Language of document : ECLI:EU:T:2007:287

Gevoegde zaken T‑125/03 en T‑253/03

Akzo Nobel Chemicals Ltd en Akcros Chemicals Ltd

tegen

Commissie van de Europese Gemeenschappen

„Mededinging – Administratieve procedure – Verificatiebevoegdheden van Commissie – Tijdens verificatie in beslag genomen documenten – Bescherming van vertrouwelijkheid van communicatie tussen advocaten en cliënten – Ontvankelijkheid”

Samenvatting van het arrest

1.      Beroep tot nietigverklaring – Handelingen waartegen beroep kan worden ingesteld – Handelingen die bindende rechtsgevolgen sorteren – Handelingen die rechtspositie van verzoeker wijzigen

(Art. 230, vierde alinea, EG)

2.      Mededinging – Administratieve procedure – Verificatiebevoegdheden van Commissie – Weigering van onderneming om correspondentie met advocaat over te leggen wegens vertrouwelijkheid daarvan – Bevoegdheden van Commissie

(Verordening nr. 17 van de Raad, art. 14)

3.      Mededinging – Administratieve procedure – Verificatiebevoegdheden van Commissie – Bevoegdheid om overlegging van correspondentie tussen advocaat en cliënt te vorderen – Grenzen – Bescherming van vertrouwelijkheid van dergelijke communicatie – Doelstellingen

(Verordening nr. 17 van de Raad, art. 14)

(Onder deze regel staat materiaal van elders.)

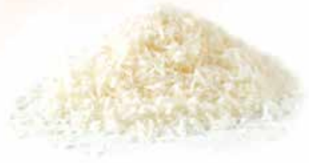
Frozen Grated Cassava
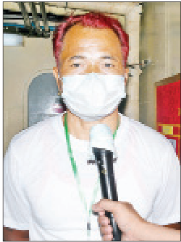
ဦးစိုးလွင်
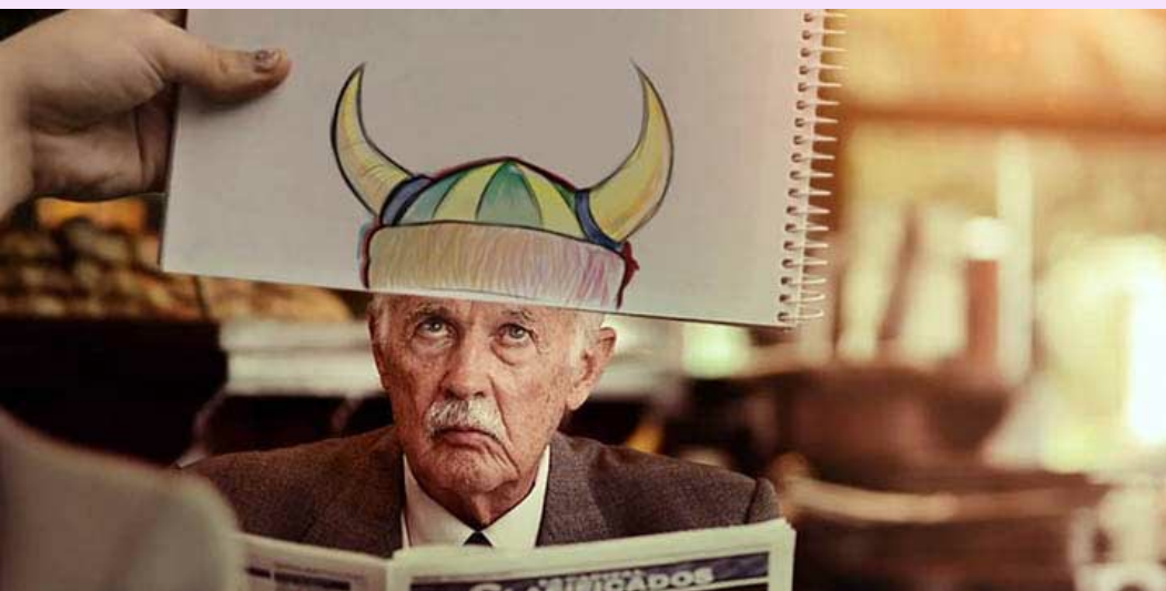
Lila © Carlos Lascano

Cycle 3 : L'invention, la fabrication, les détournements, les mises en scène des objets : création d'objets, intervention sur des objets, leur transformation ou manipulation à des fins narratives, symboliques ou poétiques.
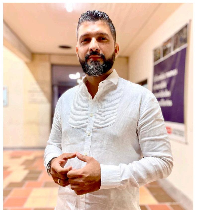
Álvaro Andrés Charry, alcalde del municipio de Villavieja.

“Primero que quede claro que no va a haber restricciones en el Desierto, aquí se tiene un carretera donde todo el mundo puede circular a la hora que sea más conveniente, pero vamos a tener unas restricciones en velocidades, en la contaminación lumínica con las exploradoras y el sonido”.
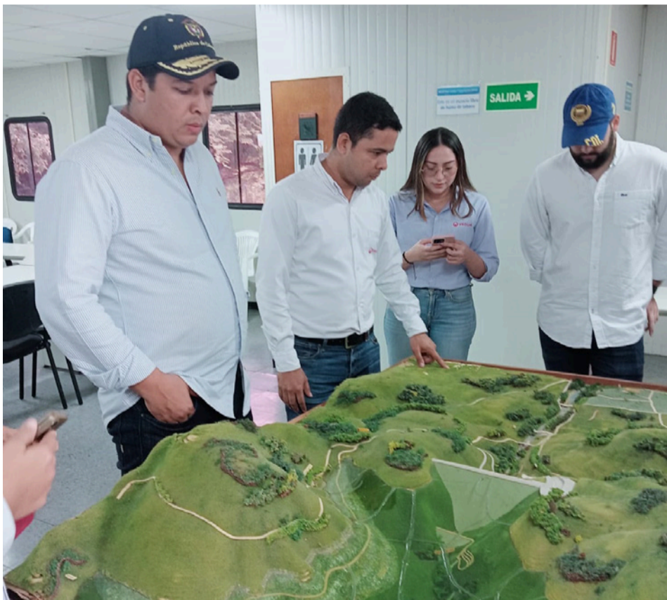
Los concejales de Barrancas exigieron que se adelanten de manera urgente las investigaciones pertinentes para esclarecer los hechos.

El resguardo indígena kogui-malayo-arhuaco tiene presencia en los departamentos del Cesar, Magdalena y La Guajira, siendo este último el territorio que alberga el 49% de la población del resguardo, con aproximadamente 4.567 personas. Esto convierte a Riohacha y su área rural en la máxima representación territorial de este pueblo indígena, con una responsabilidad cultural e histórica de enorme relevancia.
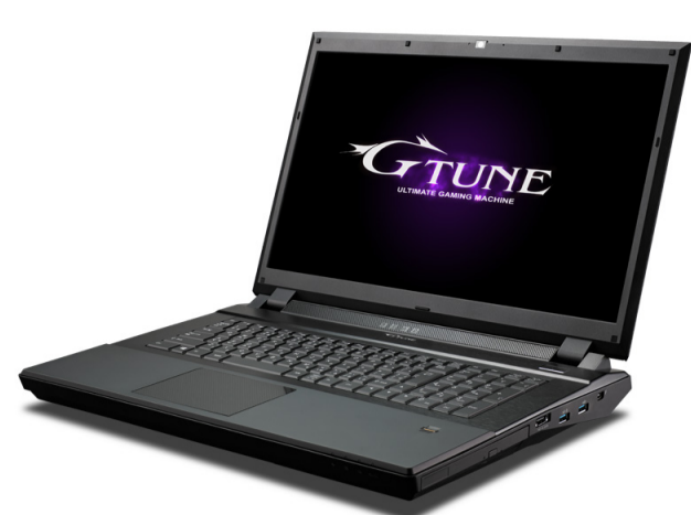
「NEXTGEAR-NOTE i71100シリーズ」 ※画像はイメージです。

～ キーボードバックライトなどの、ゲーマー向け機能を多数搭載 ～ 2014.11.26
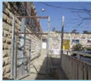
מה הבעיה בפתח הזה, והאם יש אפשרות להתירו?
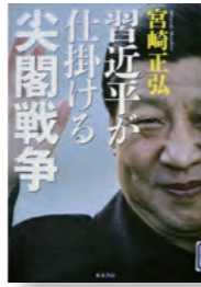
『習近平が仕掛ける尖閣戦争』 著者：宮崎 正弘
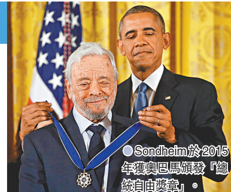
●Sondheim於2015年獲奧巴馬頒發「總統自由獎章」。

女星芭芭拉史翠珊（Barbra Streisand）推文寫道：「感謝上天讓Sondheim活到91歲，讓他有時間譜出如此動人的音樂和絕佳的歌詞！」
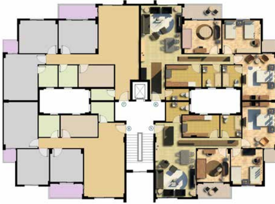
مسقط افقي للدور المتكرر
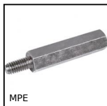
Distanziatore esagonale, Acciaio
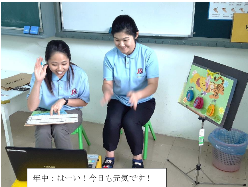
年中：はい！今日も元気です！
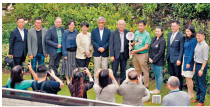
◆賽馬會善寧之家《福善花園·蝴蝶園》開幕典禮。

香港文匯報訊（記者 吳健怡）由非牟利組織善寧會營運的賽馬會善寧之家，為臨終病人建設一個蝴蝶生態園，綠樹成蔭、鮮花遍地的環境，吸引超過20種蝴蝶翩跹起舞。善寧會昨日藉着「全國生態日」舉辦開幕典禮。蝴蝶象徵着生命的蛻變和重生，為晚期病人及其親友帶來喜悅和希望，期望生態蝴蝶園可以陪伴院友度過生命最後一段路程，意義重大。

4.      Mededinging – Administratieve procedure – Verificatiebevoegdheden van Commissie – Bevoegdheid om overlegging van correspondentie tussen advocaat en cliënt te vorderen – Grenzen – Bescherming van vertrouwelijkheid van dergelijke communicatie – Omvang

(Verordening nr. 17 van de Raad, art. 14)

5.      Mededinging – Administratieve procedure – Verificatiebevoegdheden van Commissie – Bevoegdheid om overlegging van correspondentie tussen advocaat en cliënt te vorderen – Grenzen – Bescherming van vertrouwelijkheid van dergelijke communicatie – Omvang

(Verordening nr. 17 van de Raad, art. 14)

6.      Mededinging – Administratieve procedure – Verificatiebevoegdheden van Commissie – Bevoegdheid om overlegging van correspondentie tussen advocaat en cliënt te vorderen – Grenzen – Bescherming van vertrouwelijkheid van dergelijke communicatie – Communautair concept van vertrouwelijkheid

(Verordening nr. 17 van de Raad, art. 14)

1.      Wanneer een onderneming zich beroept op de vertrouwelijkheid van de communicatie tussen advocaten en cliënten om zich te verzetten tegen de inbeslagneming van een document in het kader van een verificatie op basis van artikel 14 van verordening nr. 17, brengt de beschikking waarbij de Commissie dit verzoek afwijst rechtsgevolgen voor deze onderneming teweeg doordat haar rechtspositie aanmerkelijk wordt gewijzigd. Deze beschikking, waarvan de eventuele onwettigheid geen weerslag heeft op de wettigheid van de beschikking waarbij de verificatie wordt gelast in verband waarmee zij is vastgesteld, ontzegt haar immers de in het gemeenschapsrecht voorziene bescherming, heeft een definitief karakter en staat los van de eindbeschikking waarbij een inbreuk op de mededingingsregels wordt vastgesteld.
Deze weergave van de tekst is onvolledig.